Figure 3 Elaborating the defect recognition case formulation
Can we somehow “multiply” the “fingerprint” that we have available? Yes, we can. The current condition of the pump is characterized by its similarity to the already recorded defects. Even without quantitative methods applied, just by observing the dynamics of the parameter values received from the SCADA system, much could be learnt:
Figure 4 Pump condition dynamics vs. the concrete defect type “fingerprint”
However, visual perception (at least, for now) – is not the most suitable generator of machine learning “labels” in our dynamically progressing scenario. We will be estimating the similarity of the current pump condition to the already recorded defects using a statistical test.
Figure 5 A statistical test applied to incoming data vs. the defect “fingerprint”

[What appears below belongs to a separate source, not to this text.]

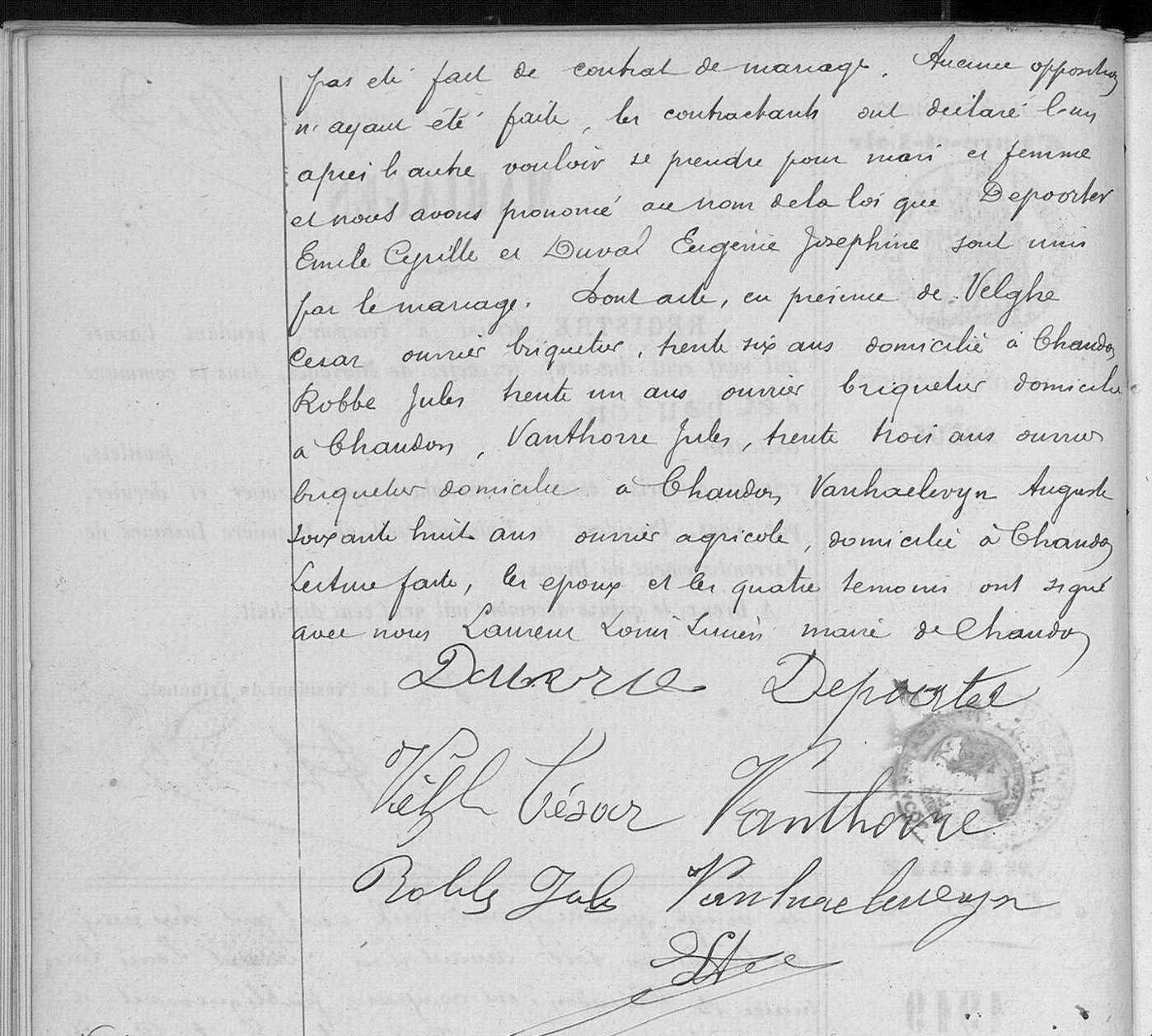 ↑ Huwelijksakte van Depoorter Emile Cyrille deel 1 ↑

The statistical test estimates a probability for a set of records with manufacturing process parameter values, acquired as a “batch” from the SCADA system, to be similar to the records from the concrete defect “fingerprint”. The probability estimated using the statistical test (statistical similarity index) is then transformed to either 0 or 1, becoming the machine learning “label” in each of the records of the set that we evaluate for similarity. I.e., once the acquired batch of pump condition records are processed using the statistical test, we obtain the capacity to (a) add that batch to the training dataset for AI/ML models and (b) to assess the accuracy of AI/ML model current versions when applied to that batch.
Figure 6 Machine learning models applied to incoming data vs. the defect “fingerprint”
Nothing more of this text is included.